ITALY | Friday, 13 April 2007 | Views [478]

I heard people who have been there say that nothing can prepare you for the Vatican. Yet still I had to come prepared for it. I arrived at exactly 8 am only to be greeted by a long, long, lone line of people who were ahead of me. The line snaked its way around the walls of the Vatican. Finding the end of the line was a tour of the walls in itself. I took a deep breath and lined up. After 2 hours of standing in line, we were finally moving, albeit at a snail's pace. But it was better than waiting and just standing. Nearing the entrance, I saw a glimpse of the inside of the Vatican. Surprisingly, it was modern. Much like how the lobby of MOMA NY looks like. But the comparison stops at the lobby. Deep inside the museum was like being brought back in time, when the Catholic Church as at the height of its power. Corridors and corridors of tapestries, sculptures and paintings. Ceiling after ceiling of frescoes. Every nook and cranny covered in priceless art. It was impressive, grand and an assault to one's senses. I have never seen such a vast collection of art. To think that my guidebook tells me that what's on display is only about 20% of the Vatican's collection. I wondered where they stored the 80%. Hmmm... 

My main mission was to see the Sistine Chapel. Getting there was a maze of more corridors and more art. There were directional signages yet it seemed like you're never nearer as you enter another corridor. I knew I entered the Chapel when I noticed a multitude of people in silence looking up at the ceiling and just marveling. I looked up and saw for myself the most famous frescoes in the world.

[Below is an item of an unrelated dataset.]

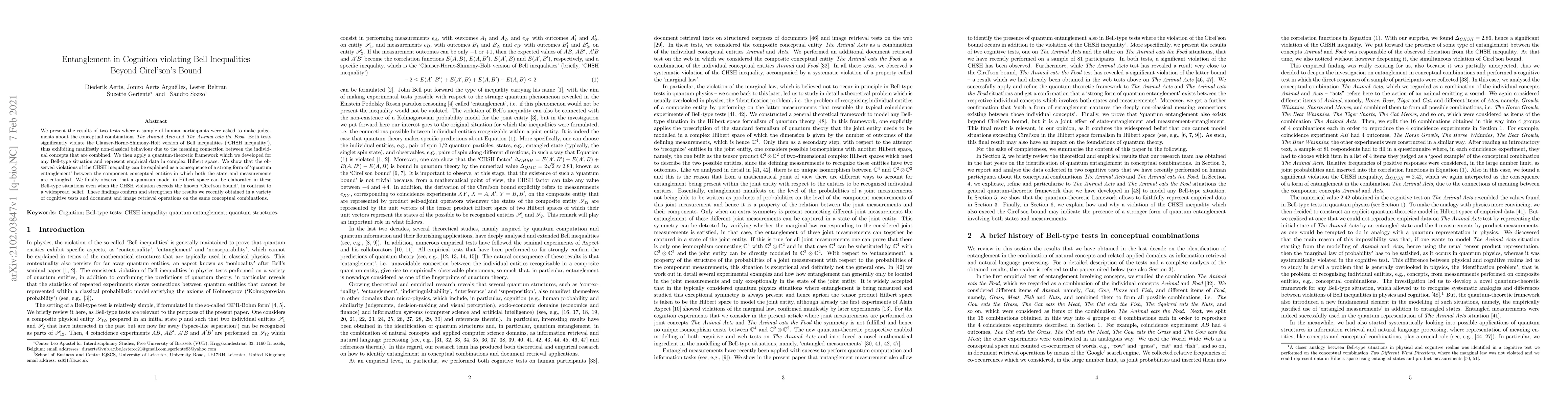 Human participants showed non-classical behavior in cognitive tests that violated Bell inequalities, suggesting quantum entanglement between conceptual entities. This finding challenges the existing Cirel'son bound.

To be honest, I wasn't as impressed as I should be. It seemed much more diminished compared to the larger than life hype I imagined it to be seeing the photos. But I had to hand it to Michelangelo for a job well done. What was amusing though was the way the silence of the people would transform into a unison of chatter only for the guards to hush them down to silence once again. And it was a cycle of silence, chatter, hushing and silence once again. Funny.

The end of my Vatican museum tour was the start of my walk towards the basilica of St. Peter's. You'd think that once inside, it's easy to go to the basilica. Well, apparently not. Going there meant going outside the Vatican and seeing the line where I once was. The line was longer this time. I really felt for the people, who were under the hot spring sun, beating the 12 noon closing because that was me a few hours earlier.

Entering the basilica through the massive columns that surround it, I knew that I was about to play witness to more grandness. It's one thing to say it, it's another thing to see it for yourself. From the rows of thousands of big columns, to the giant statues of saints that seemed to be watching us, from the people on the other side of the basilica who literally were ant-like in size, to the hundreds of white chairs being lined up for an event the following day, everything felt like they were being put together for people like me to feel dwarfed by the whole experience. It was impressive, intimidating and imposing rolled into one ball of confusion of just being in that wide space of a basilica. This definitely was the big league, the seat of power of what is probably the most influential religion on earth. And because I was sucked in to this experience already, I wanted to see, hear, feel, touch more. I had to go inside the church even if it meant lining up again. The sight of the Swiss guards provided a pleasant distraction from the wait to the front of the line. What greeted me were two massive doors to the entrance of the church. Again, inside was all about grandeur, high ceiling, giant marble statues and just wide open space. I surmised that a Boeing 747 could easily park itself inside. It could even measure its length using the markers on the floor of the different churches around the world, comparing the top ten churches vs. the mother of all churches that is St. Peter's. The golden canopy towards the end of the church was imposing. St. Peter's bronze statue was imposing. The bullet proof encased Pieta was imposing. Apparently, some deranged American tourist wanted a piece of the masterpiece and attempted to chop off a part of it. I don't blame him considering that this work of art was created by Michelangelo when he was only 23 years old. That guy's a genius if you ask me.

In all the churches I have visited so far in Europe, I have always made it a point to say a prayer of gratitude for this experience beauty first hand. And praying in St. Peter's felt the most special because it truly felt to be the House of God. As I meditated on what I have seen, absorbed and gotten in awe for, I realized that this feeling of intimidation or this feeling of being dwarfed by the grandeur of the Catholic Church had a latent yet purposive meaning to me. It made me think that no matter how we think of God, He will always be bigger than what we imagine him to be. This actually grounds me and is a humbling experience that amidst all these, I am just human after all, in the presence of God Almighty.